> **What the task asks**: Once the line holding "August 9, 2013Regional" is found in the entries below, transcribe exactly every line up to and including the one holding "Diana made a", but leave out the pictures.

[Saved entries]
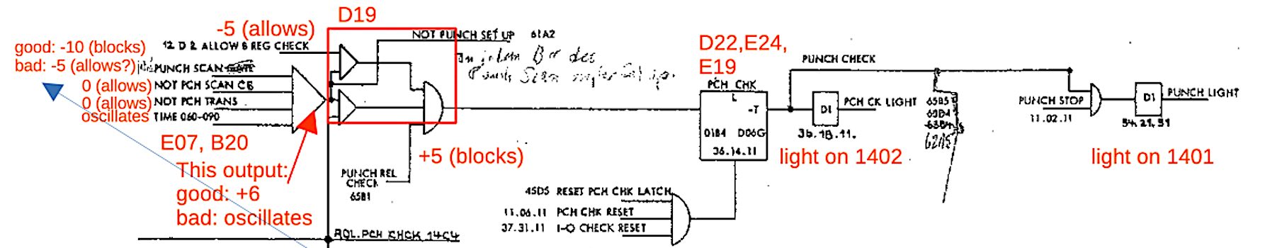 The DE #1 tape drive was unexpectedly working today after its intermittent problems. Apparently, Frank has the magic touch and restored it to operation, David and John are investigating two neon bulbs that aren't lighting on the back panel. I looked into the TAU problem with the B register A bit light not lighting. (This corresponds to the "low" A bit signal.) This happens with multiple drives, so it's a TAU issue, not a drive issue. I traced the signals and the problem appears to be early in the signal processing. This problem is likely to cause bad data when reading so it's worth fixing.
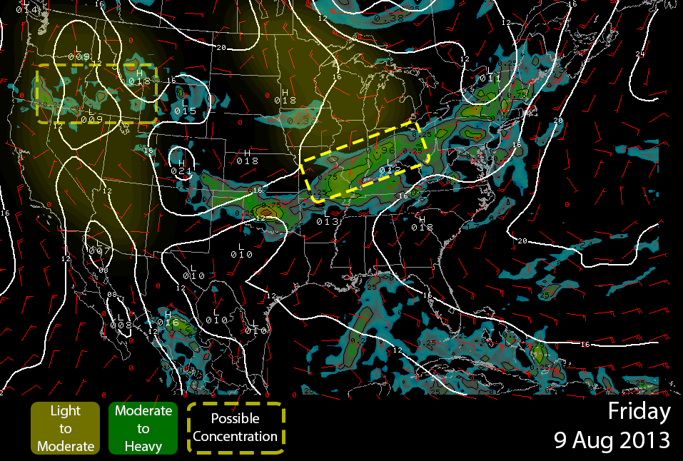 August 9, 2013Regional Migration Forecast: 9-16 August 2013Scattered light and locally moderate movements will occur across the West, while two primarily northeastern pulses of light to moderate and locally heavy movements occur among storm systems in the East.
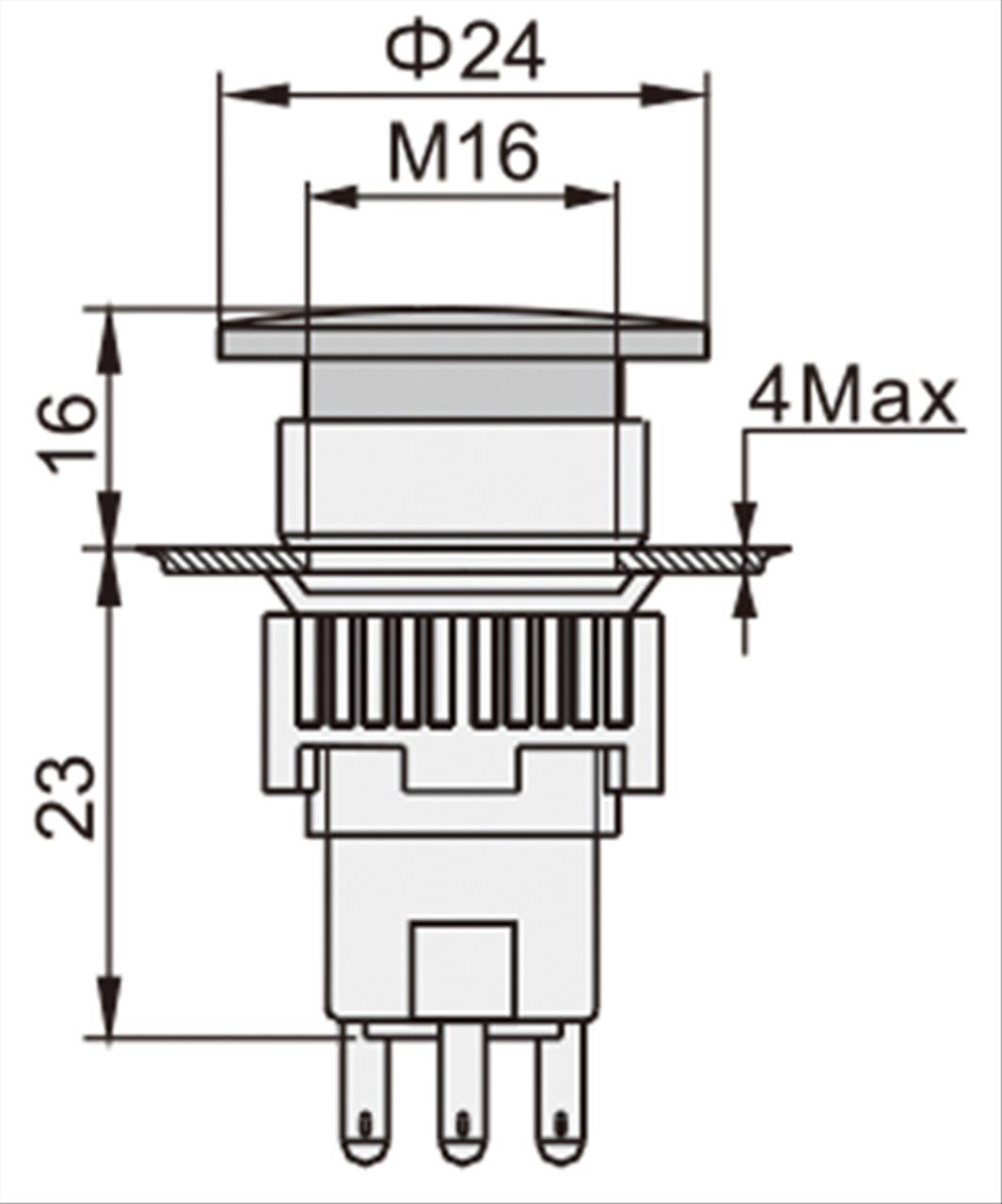 – Button μανιτάρι βιδωτό με λυχνία και συγκράτηση Φ16.
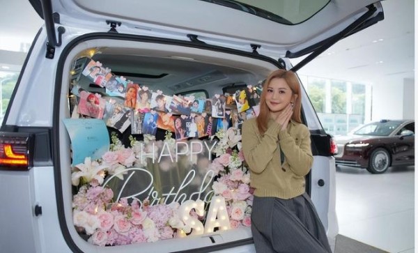 当时她一头黄发,穿个卡其色衬衫配阔腿裤,脚上一双平底鞋,素颜状态下脸颊还有点婴儿肥,完全没明星架子。她居然一个助理保镖都没带,自己签字办手续,工作人员递钥匙时还弯腰道谢,这教养真没话说。后来才知道她买的是某汽车牌子的顶级配置豪车,落地大概要46万,不少人猜是不是男友送的,也有人调侃或许是阿Sa送男友的。
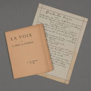 On joint un jeu d'épreuves de l'E.O. de La Voix, de Drieu La Rochelle, imprimé par Frédéric Paillart, à Abbeville, 1928. In-16 carré. En feuilles, partiellement coupé. Quelques pliures ou petites effrangures.
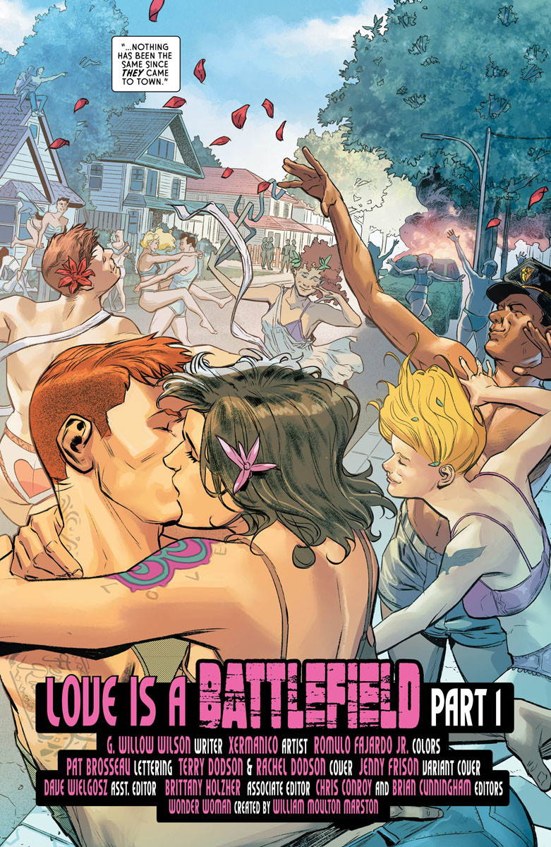 Diana made a promise to Aphrodite: she would do everything she could to help her find her son, Atlantiades, lost somewhere on Earth. But when they pick up his trail, there’s no way to prepare themselves for what they’ll find: a perfectly normal suburban town…driven out of its mind with uncontrolled lust!
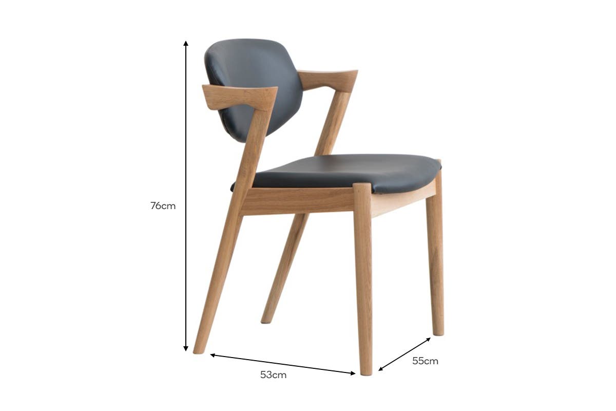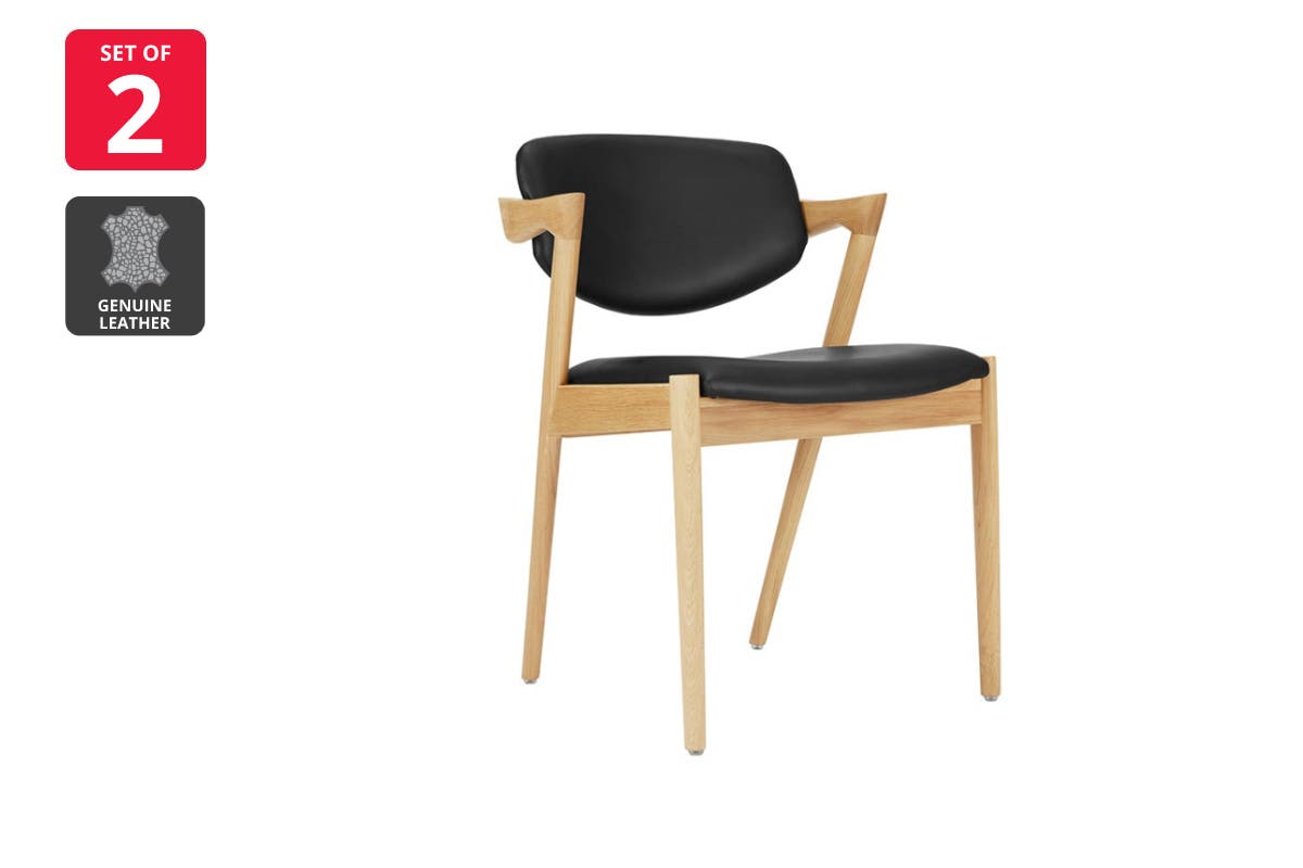 This chair has a unique design with bold, daring angles and a simplified form. It is made from natural materials in true Scandinavian fashion. The frame is made of wood and the upholstery is genuine leather. It is a set of 2 chairs.
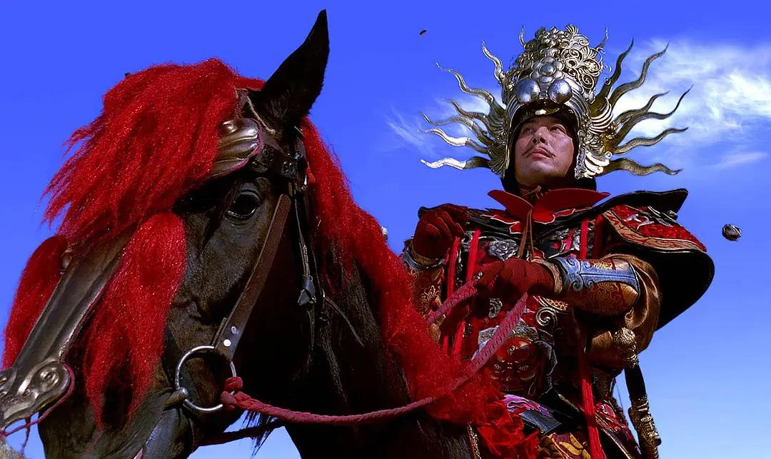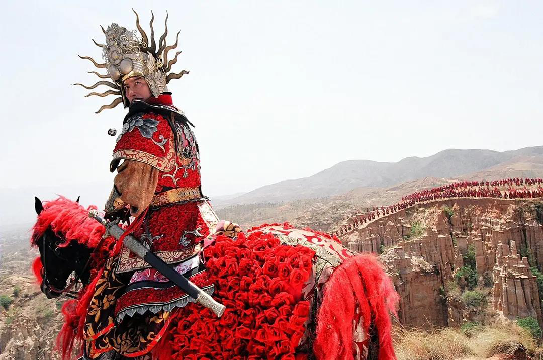 《无极》中,大将军光明身披鲜花盔甲出场,与红色毛发的骏马一同奔驰如风;

> **Response area**:
 August 9, 2013Regional Migration Forecast: 9-16 August 2013Scattered light and locally moderate movements will occur across the West, while two primarily northeastern pulses of light to moderate and locally heavy movements occur among storm systems in the East.
 – Button μανιτάρι βιδωτό με λυχνία και συγκράτηση Φ16.
 当时她一头黄发,穿个卡其色衬衫配阔腿裤,脚上一双平底鞋,素颜状态下脸颊还有点婴儿肥,完全没明星架子。她居然一个助理保镖都没带,自己签字办手续,工作人员递钥匙时还弯腰道谢,这教养真没话说。后来才知道她买的是某汽车牌子的顶级配置豪车,落地大概要46万,不少人猜是不是男友送的,也有人调侃或许是阿Sa送男友的。
 On joint un jeu d'épreuves de l'E.O. de La Voix, de Drieu La Rochelle, imprimé par Frédéric Paillart, à Abbeville, 1928. In-16 carré. En feuilles, partiellement coupé. Quelques pliures ou petites effrangures.
 Diana made a promise to Aphrodite: she would do everything she could to help her find her son, Atlantiades, lost somewhere on Earth. But when they pick up his trail, there’s no way to prepare themselves for what they’ll find: a perfectly normal suburban town…driven out of its mind with uncontrolled lust!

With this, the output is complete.